The dominant species across Rosewood Heights properties include silver maples, oaks, and ornamental trees that were planted when the homes were built and have been growing ever since. Many of them are now 40 to 60 feet tall, with canopies that spread over rooflines, driveways, and neighboring lots. Some have never been professionally trimmed. Others have been topped at some point in the past, which creates a different set of structural problems down the road as the regrowth develops with weak attachment points.
The community’s position along the bluff and ridge terrain between Alton and Wood River also matters. Properties here have varying elevations, sloped yards, and in some cases, trees growing on grades that complicate both the removal process and the equipment access. This is not flat, open-lot work. It requires experience reading terrain and equipment capable of operating in confined or sloped conditions.
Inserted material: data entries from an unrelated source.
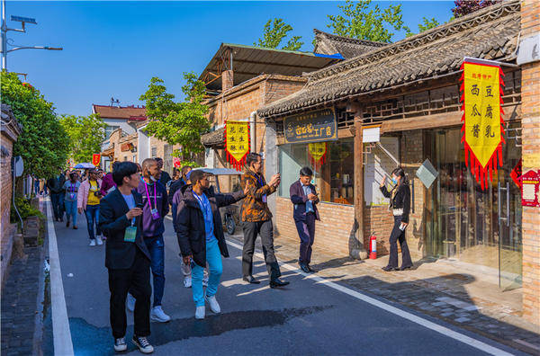 “这就是我们村的‘网红’打卡地——幸福路。”在张庄村接待处讲解员文静的带领下,来自30多个国家的80多位留学生在“幸福路”上感受张庄村的特色乡村产业。藏红花基地、玫瑰花醋、张庄布鞋、春光油坊等一个个别具特色的小店,让游客流连驻足。
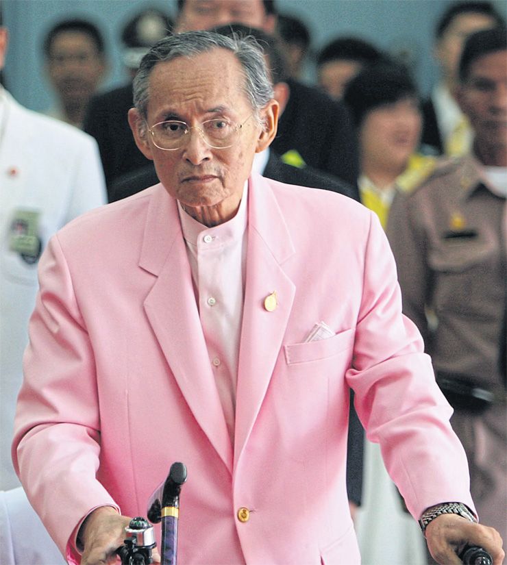 พระบาทสมเด็จพระปรมินทรมหาภูมิพลอดุลยเดชประทับบนรถเข็นพระที่นั่ง เสด็จลงจากอาคารเฉลิมพระเกียรติ โรงพยาบาลศิริราช เพื่อเสด็จฯ กลับพระตำหนักจิตรลดารโหฐาน โดยทรงฉลองพระองค์สูทสีชมพู มีพระพักตร์ยิ้มแย้ม ท่ามกลางพสกนิกรที่มารอเฝ้าฯ รับเสด็จ
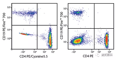 在5激光Cytek? Aurora 光譜流式平臺上,檢測人裂紅后外周血的CD4和CD19。PE/Fire? 700-CD19和PE/Cyanine5.5-CD4共染方案與PE/Fire? 700-CD19和PE-CD4共染方案得到了相似得陽性信號,說明在光譜流式平臺PE/Fire? 700和PE/Cyanine5.5是有可能在一個(gè)panel中共用的,但是配色方案可以更加優(yōu)化。
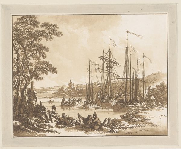 Editor: So, this is Richard Earlom's "Coastal View with the Landing of Aeneas in Latium," probably from 1776. It's an engraving, and it feels like such a romanticized view of history. What strikes you most about this piece? Curator: The historical context of this print is very important. It depicts a classical subject—Aeneas’s arrival in Italy—but it’s filtered through 18th-century eyes. Consider the fascination with the antique world during this era. Prints like these circulated widely, shaping perceptions of history. How does this inform the politics of imagery? Editor: I guess it makes sense that popular engravings would be a way to promote certain values. Like, the glory of Rome connecting to contemporary empire-building, or something? The grandeur here feels deliberately staged. Curator: Precisely. Earlom is not simply reproducing a historical event, he's constructing an idealised past. These works served a pedagogical purpose, displaying stories and ideals for a growing public increasingly interested in culture and education. Also, note the subtle ways nature is both a backdrop and a signifier of divine providence and Roman virtues. It promotes this classical subject to a wide audience that might not see the subject portrayed elsewhere. What values did the public at the time take away from it? Editor: Maybe ideas of destiny and rightful conquest? The way everything's bathed in a soft, almost divine light... it makes me wonder about the power dynamics embedded within images that are presented as objective representations of history. I definitely see that pedagogical purpose at play. Curator: And reflecting on those dynamics can really transform our reading of historical narratives presented in art.
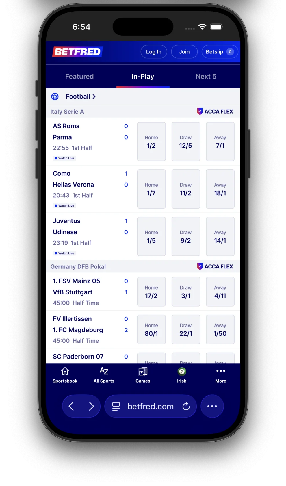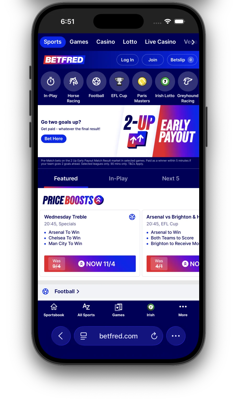 Click any link to Betfred you see on this page or website, and tap the Join button at the top of the homepage.

Proximity to the Mississippi River corridor means that storm systems tracking through the Metro East hit Rosewood Heights with the kind of wind loads that test older trees. Silver maples with included bark or split unions, oaks with large dead scaffold branches, ornamental pears that have grown well beyond their intended size: these are the trees that fail first, and they fail onto roofs, fences, and cars when they do.
If a previous service topped a tree on your property, that tree likely has structural issues developing in the regrowth. The new shoots that emerge after topping grow with weaker attachment points and higher failure risk. Eric can assess what’s there and give you an honest picture of the options.
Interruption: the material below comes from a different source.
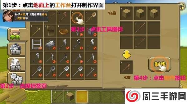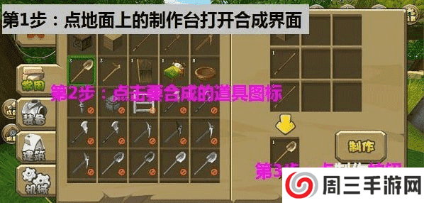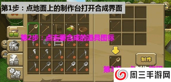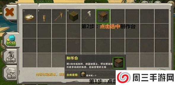 制作台在地上,再点制作台才能打开制作界面,才能合成道具
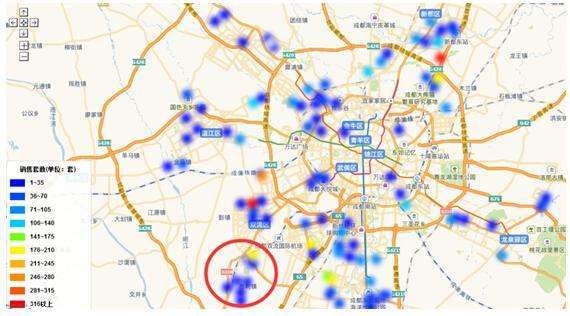 那么哪些项目在双流高改市场中率先尝到市场甜头?从锐理数据调取2016年至今成都别墅类项目销售热度图(颜色越偏红销量越高),发现双流区域内的别墅销量主要集中在下图红圈内区域,且其中有一个晃点尤为显眼,销量远高于周边市场。

Rosewood Heights is the kind of place where a crew’s behavior on a job site gets noticed. Neighbors see who’s working, how they’re working, and what the yard looks like when they leave. In that environment, the accountability gap that exists in larger franchise operations, where the owner is never actually present, becomes very visible very quickly.
Eric Thornsberry built Arbor Junkies around the principle that the owner being on-site isn’t a premium feature. It’s the baseline. His 18 years as a professional climber aren’t applied from a distance. They’re applied on your property, on your specific trees, with your specific access constraints taken into account. When something unexpected comes up mid-job, and in tree work it often does, the person making the call is the person most qualified to make it.
That’s not how most larger operations work. It’s exactly how Arbor Junkies works, on every job, in every community it serves.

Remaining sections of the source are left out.